Work task
Copy exactly the lines of the material below that run from the one containing "法人内研修 コンプライアンス研修会" through the one containing "Abb. 4 Innenausbau". Copy no other lines.

Source records
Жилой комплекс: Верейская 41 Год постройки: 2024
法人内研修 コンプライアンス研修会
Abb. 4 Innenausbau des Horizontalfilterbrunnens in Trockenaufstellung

* * *

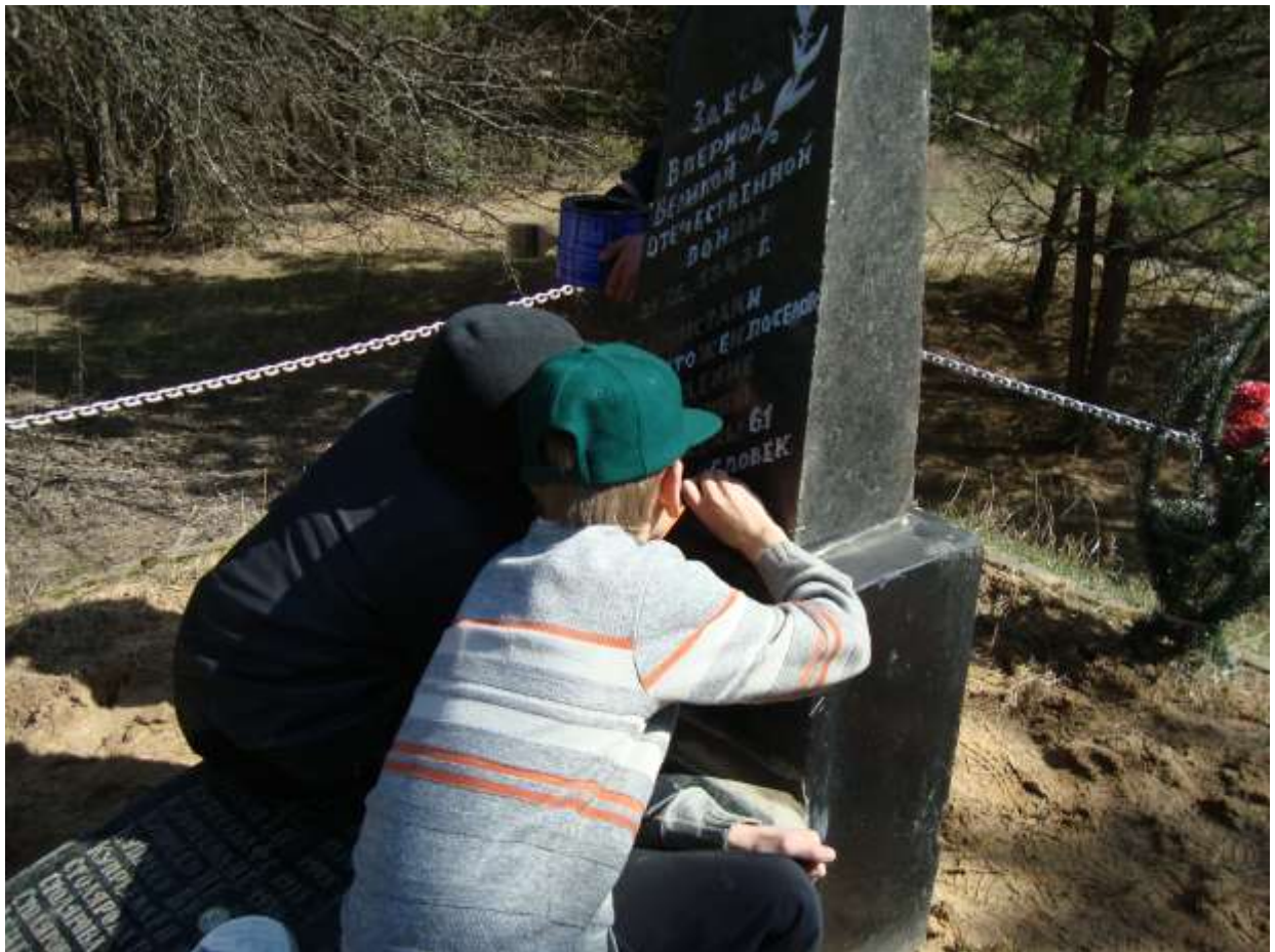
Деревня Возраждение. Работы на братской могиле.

Solution for this problem
法人内研修 コンプライアンス研修会
Abb. 4 Innenausbau des Horizontalfilterbrunnens in Trockenaufstellung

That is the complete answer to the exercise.